Retype only the lines below from the one with "Usar redes sociales" to the one with "第十三届中国（阿联酋）贸易博览会举行，图为外商在温企展区洽谈业务", inclusive, skipping every image.

● Entries provided:
^^^^^^^^

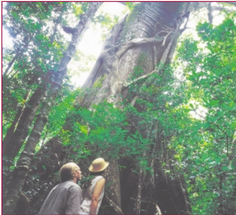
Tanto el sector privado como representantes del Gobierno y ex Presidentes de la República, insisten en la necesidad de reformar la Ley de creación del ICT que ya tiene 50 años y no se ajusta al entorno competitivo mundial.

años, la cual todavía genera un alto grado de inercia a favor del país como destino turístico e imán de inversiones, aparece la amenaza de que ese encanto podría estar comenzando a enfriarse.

^^^^^^^^

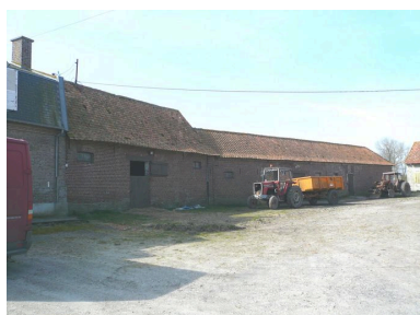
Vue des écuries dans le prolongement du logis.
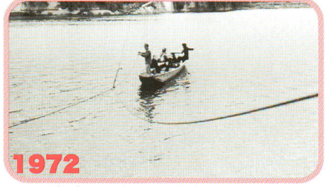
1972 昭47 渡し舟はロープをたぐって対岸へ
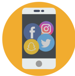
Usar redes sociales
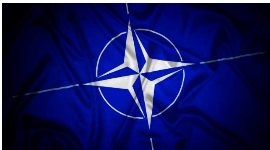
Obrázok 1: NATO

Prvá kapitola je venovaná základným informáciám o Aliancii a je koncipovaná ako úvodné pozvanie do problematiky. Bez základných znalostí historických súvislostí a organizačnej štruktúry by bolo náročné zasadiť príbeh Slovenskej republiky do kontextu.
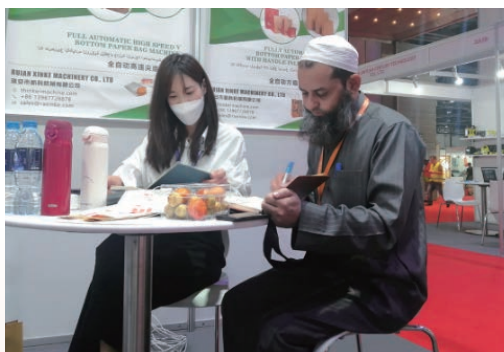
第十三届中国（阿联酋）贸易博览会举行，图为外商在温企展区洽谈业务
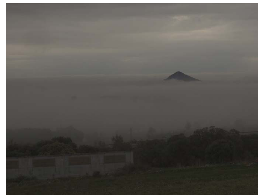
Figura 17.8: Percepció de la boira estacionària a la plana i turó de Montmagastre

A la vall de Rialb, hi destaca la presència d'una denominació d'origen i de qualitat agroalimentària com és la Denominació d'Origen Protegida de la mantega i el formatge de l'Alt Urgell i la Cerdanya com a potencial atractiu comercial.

^^^^^^^^

● Exercise response:
Usar redes sociales
Obrázok 1: NATO

Prvá kapitola je venovaná základným informáciám o Aliancii a je koncipovaná ako úvodné pozvanie do problematiky. Bez základných znalostí historických súvislostí a organizačnej štruktúry by bolo náročné zasadiť príbeh Slovenskej republiky do kontextu.
第十三届中国（阿联酋）贸易博览会举行，图为外商在温企展区洽谈业务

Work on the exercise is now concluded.